One of the reasons I enjoy your blog so much is that around about 2005 I tried using the Internet to uncover the folkloric roots of werewolves, and after reading Baring-Gould and Wilde's translation of Petronius, gave up in disgust at the amount of crap there was masquerading as folklore. (As I'm sure you know, the demarcations between witches, werewolves, and vampires are not so tightly drawn in folklore as they are in fiction, and research into one frequently overlaps with the others. I remain astounded by the elaborate taxonomies of the undead published as nonfiction that are simply unsupported by documented folklore.) So I've always admired your diligence in uncovering original sources. Bravo, Niels!

A couple of unrelated notes probably outside your remit with Magia Posthuma:

- In terms of popular culture, I wonder how much the dreadful state of popular "nonfiction" regarding vampires is due to the influence of role-playing games (RPGs)? When I was researching werewolves, I came across these incredibly detailed taxonomies of supernatural flesh-eaters, all linked back to folkloric accounts, that seemed to be directed primarily at dungeon-masters and other authors of role-playing games. (I never played them myself, and given our ages, I suspect you didn't either.)

- Have you ever looked into the literature surrounding the Anglo-Scottish lich? A search of your blog for "lich" turns up no results. Liches are soulless bodies that return to seek revenge or resolution that the living person never achieved. The lich tradition seems related to the vampire tradition, and written accounts stretch back to the late Middle Ages, and it seems relevant to the question of European notions of posthumous magic. Maybe you don't think so, but I'd be curious to know why. (It may be that, as an American, I'm fascinated by Ambrose Bierce's inclusion of the lich in American literature [see, e.g., The Death of Halpin Fraser], since he was roughly contemporaneous with Le Fanu and Stoker.)

Anthony Hogg said...

Hi Niels,

I am incredibly flattered to have garnered mention in your essay.

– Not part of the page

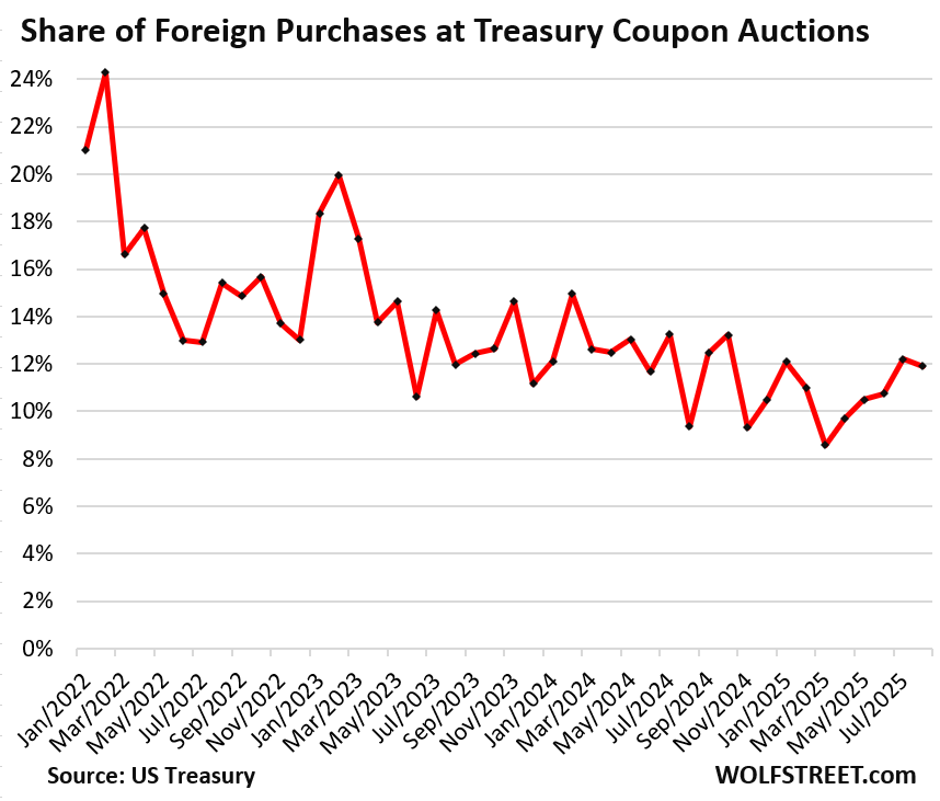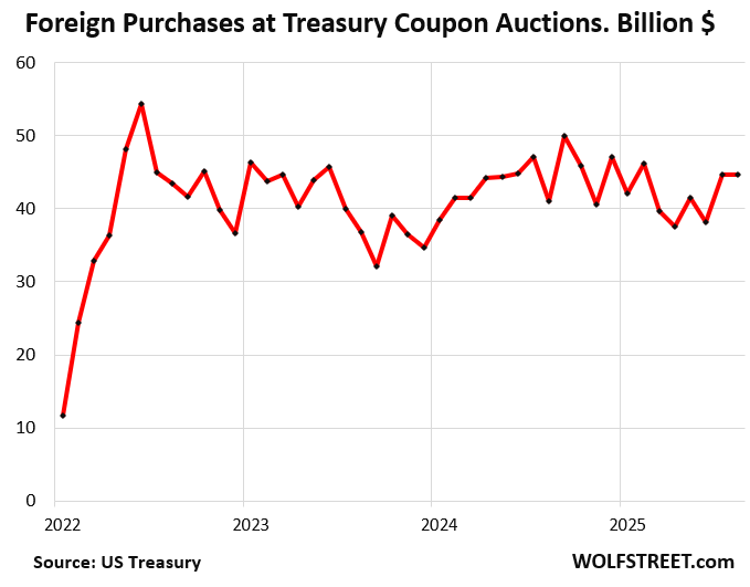 You’re citing BS and twist it to suit your fantasy theory. Actual foreign buying can only be seen in the Treasury Allotment Report, which comes out twice a month. Everything else is BS. Auctions through August 31:

You were indeed greatly influential in my blog's creation and I continue to enjoy reading your blog entries.

Keep up the great work!

jola said...

I enjoyed reading your paper, Niels - especially since it was refreshingly, bracingly irony-, snark-, and double-entendre-free.

Also, I followed Howard's crumbs and read the Ambrose Bierce story. I chuckled at the mordant wit, e.g., the line, "Halpin Fraser was a poet only as he was a penitent: in his dream" - which seems on first reading ironic and snarky, but [spoiler alert!] upon reaching the end of the tale, quite accurately foretold the ending.

I enjoy your blog and wish I had more - anything - of substance to contribute. Re, for example, your post about the WWI soldiers in Serbia complaining about their chronic problem with vampires ("We've been tormented and pursued by these monsters forever") - I tried to find the name of the village in question in my atlas, to no avail (no surprise). Also, I googled it - nothing.

There's a show here in the [U.] States called History Detectives," where historians track down the provenance and narrative history of scraps of intriguing source material. Along those lines, might there be a "local" Romanian reader of your blog who might be in a better position to track down the fabled village of Progatza, shed some light on that particular anecdote?

I appreciate your historical approach very much, and teeter in my own mind whether to take these historical accounts as literal (visitations from another realm) or cultural-anxiety (fear of the other, change, class differentials, etc.).